Today is National Women and Girls HIV/AIDS Awareness Day. On this day, we must
take the time to educate our sisters, our daughters and ourselves on the importance of
knowing our HIV status.
March is Women' s History Month, and this month we recognize great women and the changes they have made in our society and across the world. Therefore, I ask that today we take the time to open up and discuss with our families and friends the importance of knowing their HIV status!
In 2011 we must educate all women about being responsible for their own sexual health. At the end of 2009 it was estimated that out of the 33.3 million adults worldwide living with HIV and AIDS, more than half are women.
Why are our numbers so high?
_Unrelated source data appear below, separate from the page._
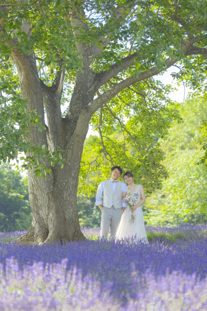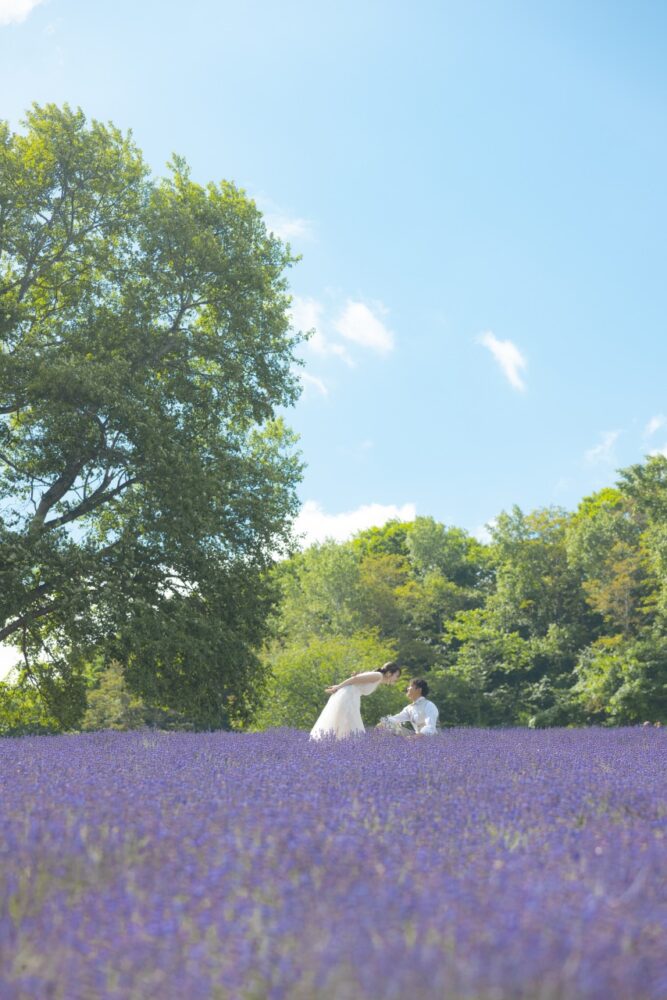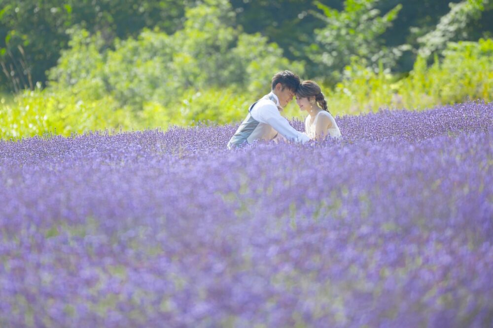 風に乗って漂うラベンダーの優しい香りに包まれながらの撮影は、緊張しがちなお二人の心を自然と解きほぐし、
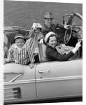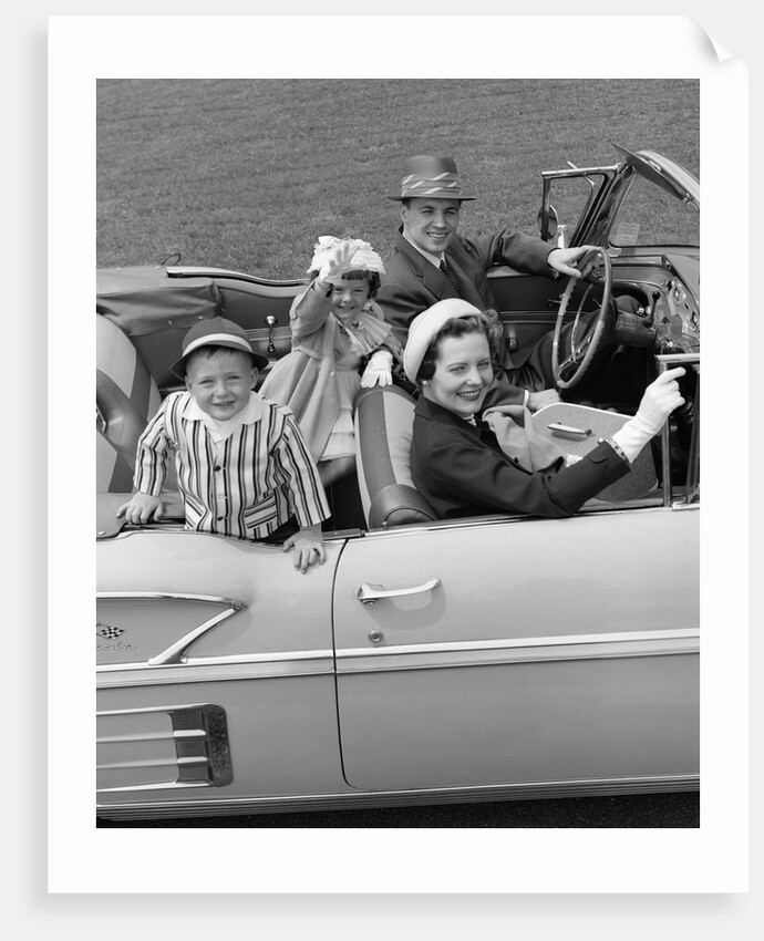1950s Family Portrait Mother Father Son Daughter In Chevrolet Convertible Automobile
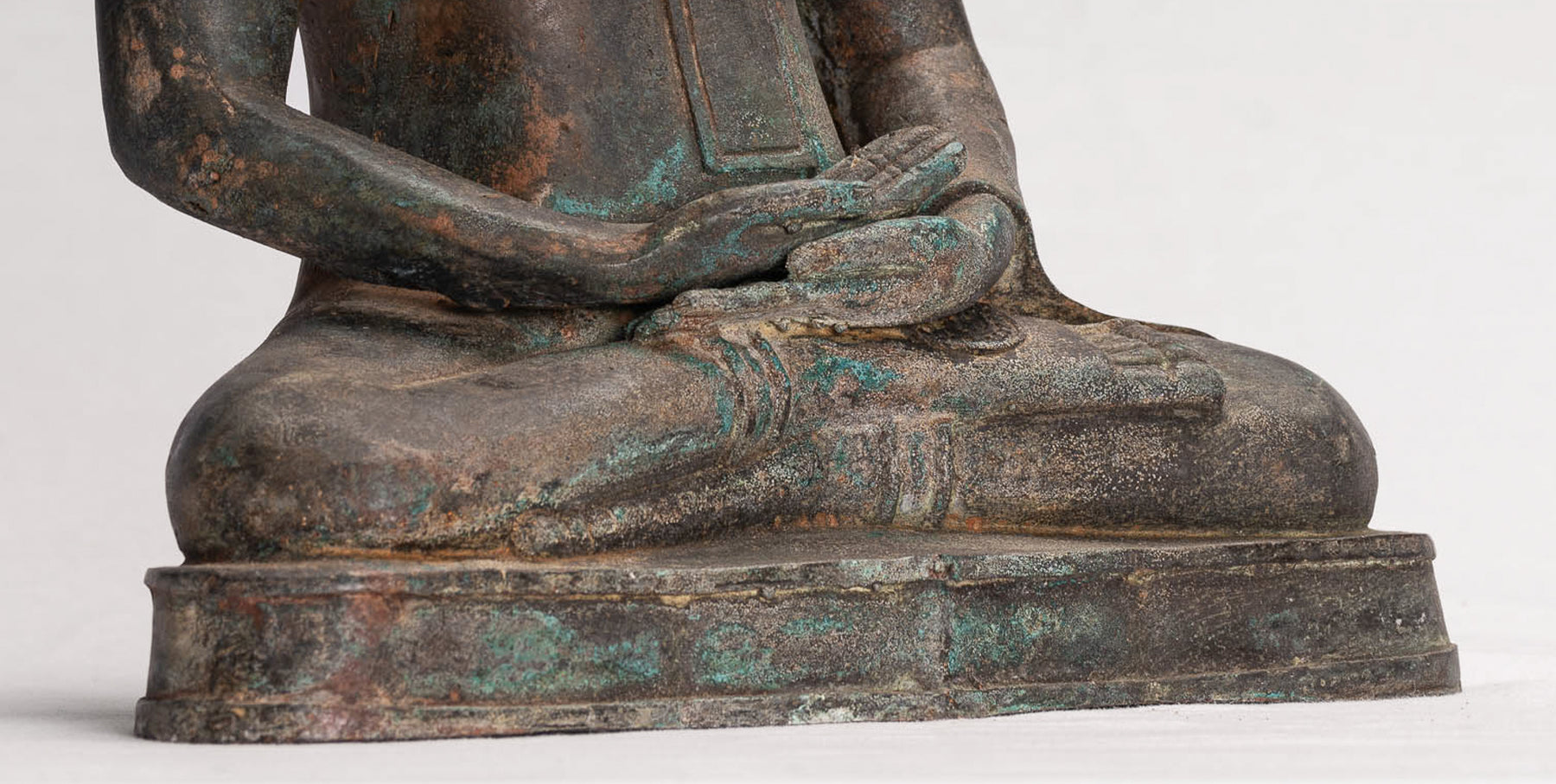 An antique Thai style bronze Dvaravati Meditation Buddha.
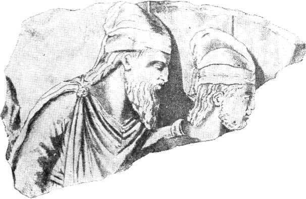 Скилур и его сын Палак. С рельефа, найденного в 1827 г. на городище Керменчик вблизи Симферополя (скифская столица Неаполис).
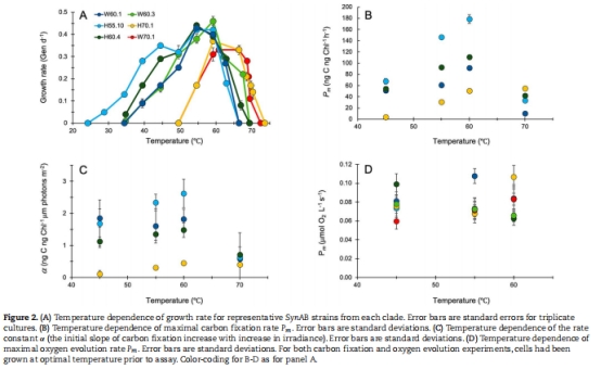 與碳固定數據(Fig. 2B, C)對比:高溫菌株碳固定能力顯著下降,但放氧能力穩定。

We need to ask ourselves: Where did we drop the ball?
We also have to realize that it' s not too late to save our sisters.
The women who came before us fought for our rights in all areas of life so that we, as the new generation of Mothers and Daughters, could have equal opportunity. Remember when being a woman also meant being a part of a sisterhood? Why have we stopped protecting each other?
When it comes to the fight against HIV, we have sadly let the young women of today and ourselves down!
Most people believe AIDS is something only gay men have to worry, about but I am here to tell you that AIDS is something EVERYONE has to worry about. We have to stop thinking AIDS is a gay disease and start realizing it' s a people disease! The H in HIV stands for Human, meaning anyone who takes part in any unsafe sexual act with a person who they did not see HIV test results for can be at risk for contracting HIV.
72% of women contract HIV through heterosexual contact and we cannot continue to blame men who sleep with men. Yes, there may be a few who are not open and honest about their sexuality, but they play a very small factor in why women are contracting HIV/AIDS at such an alarming rate. We are to blame for our rising numbers! We do not demand an AIDS test after we catch our partners stepping out on us, and we don' t use condoms when we know we are having sex with a man who we share. Some of us who are on the pill do not see any reason to ask for a condom for a one-night stand with a man after meeting him at the club.
Middle class women are not immune to this behavior. They have to step up and ask if they are really being safe in their sexual activities. In most relationships we start out using condoms and then, after a while, once the trust factor comes in, we become comfortable so the condoms go away.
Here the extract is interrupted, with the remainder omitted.